Review of FDA July 2022 DSCSA Draft Guidance on Identifying Trading Partners
Written-by: Sumeet Singh, CEO
As we rocket towards the Event Horizon of the November 2023 DSCSA implementation deadline, industry and FDA are each figuring out how exactly the law will be implemented and complied with. Fortunately, the FDA has answered the industry’s clarion call and recently released Draft Guidance that provides confirmation of many assumptions, and restates various aspects of the state of regulation:
- How the DSCSA identifies and defines 5 basic business models – manufacturer, repackager, wholesale distributor, 3PL, and dispenser – in the prescription drug supply chain
- Definition of authorized trading partners
- Effect FDA proposed regulation
Insight on Regulation of Specific Business Models
The guidance additionally seeks to clarify how industry should identify trading partners and the regulation of more nuanced business models and product portfolios.
Manufacturer Establishments, Application Holder/Co-Licensed Partners and Affiliates
Although physical drug manufacturing sites are what individuals outside the industry would classify as “manufacturers,” those in industry are aware of the proliferation of the “virtual manufacturer” business model in recent decades.
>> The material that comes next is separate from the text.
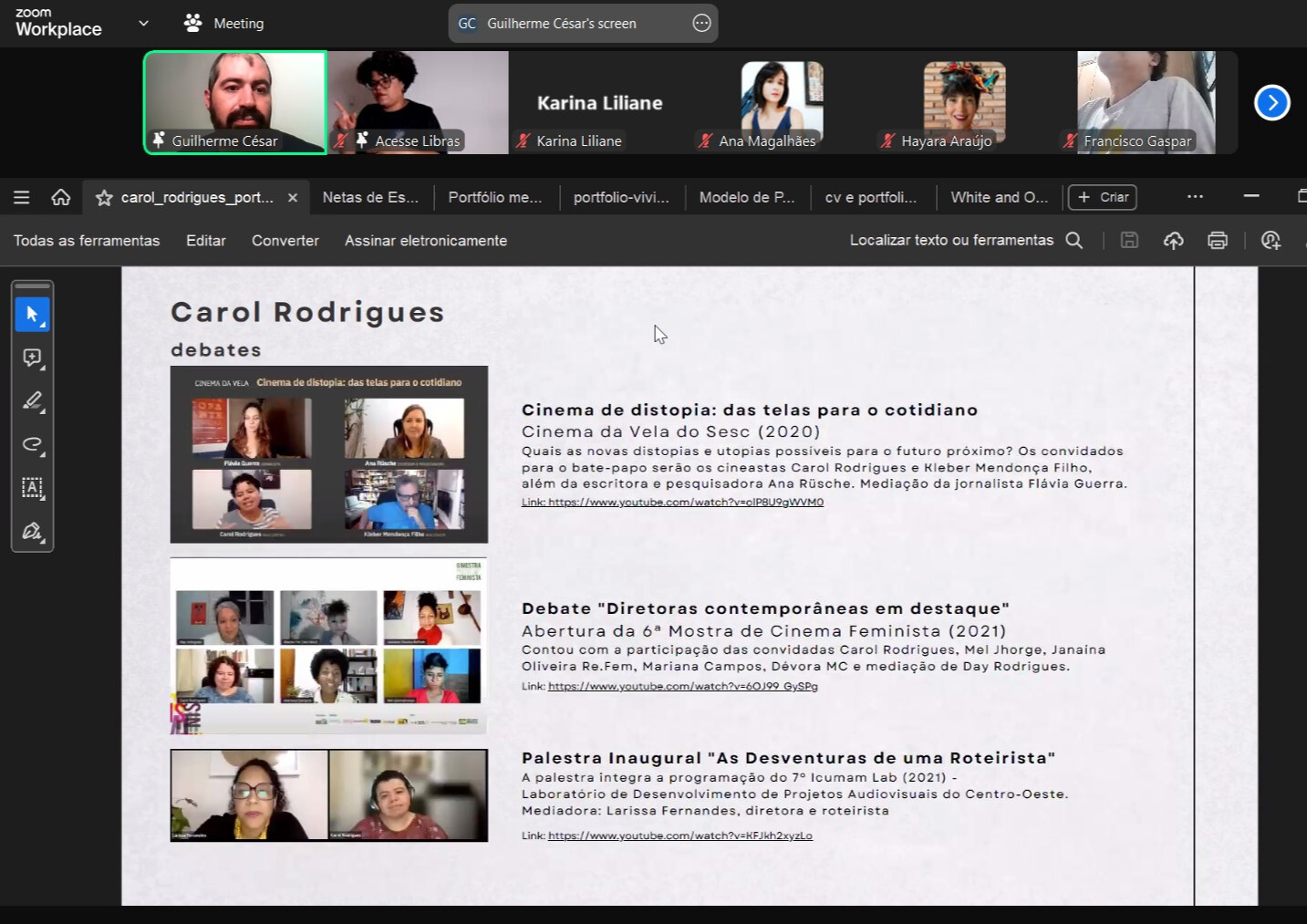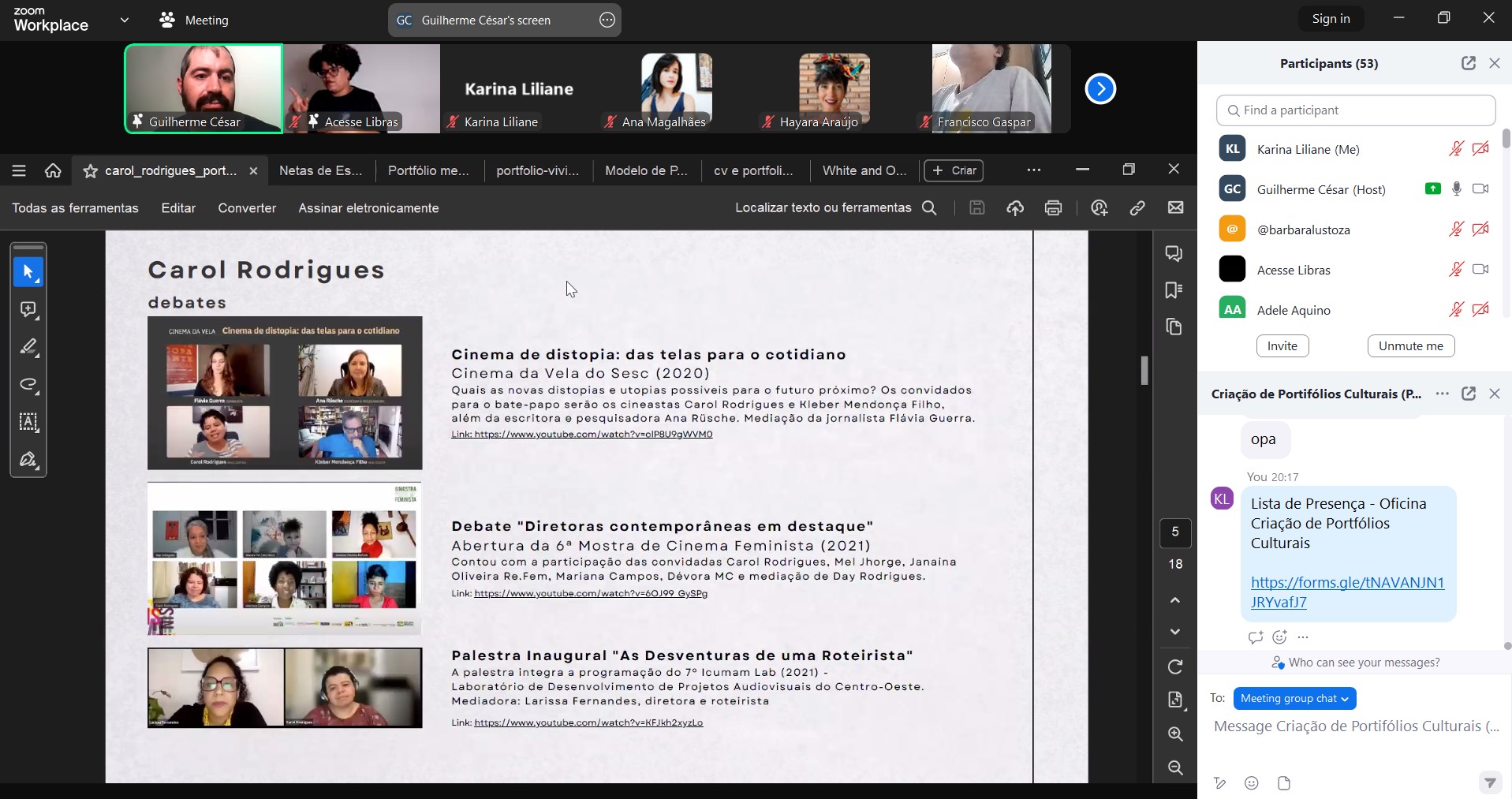 Durante três horas, os participantes puderam esclarecer dúvidas sobre organização de documentação, modelos de portfólios e estratégias para se destacar em processos seletivos culturais. A oficina foi gravada e está disponível no canal do YouTube do Comitê de Cultura de Alagoas para quem quiser assistir ou rever o conteúdo.

The guidance on Manufacturing Establishments squarely addresses the confusion by clarifying that Manufacturing Establishments are “authorized” if they have an FDA Establishment Registration, and that Application Holders/Co-Licensed Partners and Affiliates are each “authorized” even if they don’t have an FDA Establishment Registration as long as they are compliant with Section 510 and 582(b) of the FD&C Act.
Private Label Distributors (PLD)
A PLD seemingly straddles the line between a manufacturer and distributor as they both take ownership/direct the sale and physically receive/store/ship product under their own label, but don’t actually manufacture the product, nor hold the application approval for the product. The guidance clarifies that a PLD shall be regulated as a Manufacturer for DSCSA purposes.
The Salvager business model is one that not many are familiar with, even in industry. Salvagers are typically responsible for examining products that may have been subjected to improper storage conditions (e.g. smoke, fumes, temperature excursions, etc.), and identifying product suitable for returning to the supply chain. In the guidance, the FDA specifically exempts Salvagers from being defined as a manufacturer, but leaves the door open for qualification of other business models based on the potential additional activities of a Salvager (e.g. repackaging, wholesale, 3PL, etc.).
Third-Party Logistic Providers
Due to the intense focus 3PLs have begun to receive courtesy of the DSCSA, the FDA provides significant guidance on what activities do, and do not qualify as 3PL activities. In general, 3PLs are defined as entities that operate facilities that take possession of product on behalf of a trading partner at a consistent location, but do not take ownership of said product. FDA expressly excludes the following business activities from the definition of 3PL: Brokers, Solution Providers, Common Carriers, and Logistic or Administrative Services Contractors.
The most significant part of the Guidance is targeted at Returns Processors and Reverse Logistic Providers as the FDA excludes them from being regulated as 3PLs and WDDs so long as the product they handle does not make it back into the supply chain.
The FDA mostly reiterates what we consider to be common knowledge of regulation as dispensers (i.e. product transferred specifically for patient need is not wholesale distribution). However, the Guidance does expressly exclude dispenser-affiliated warehouses and distribution centers from being regulated as 3PLs and WDDs so long as the product they handle is not sold to another entity.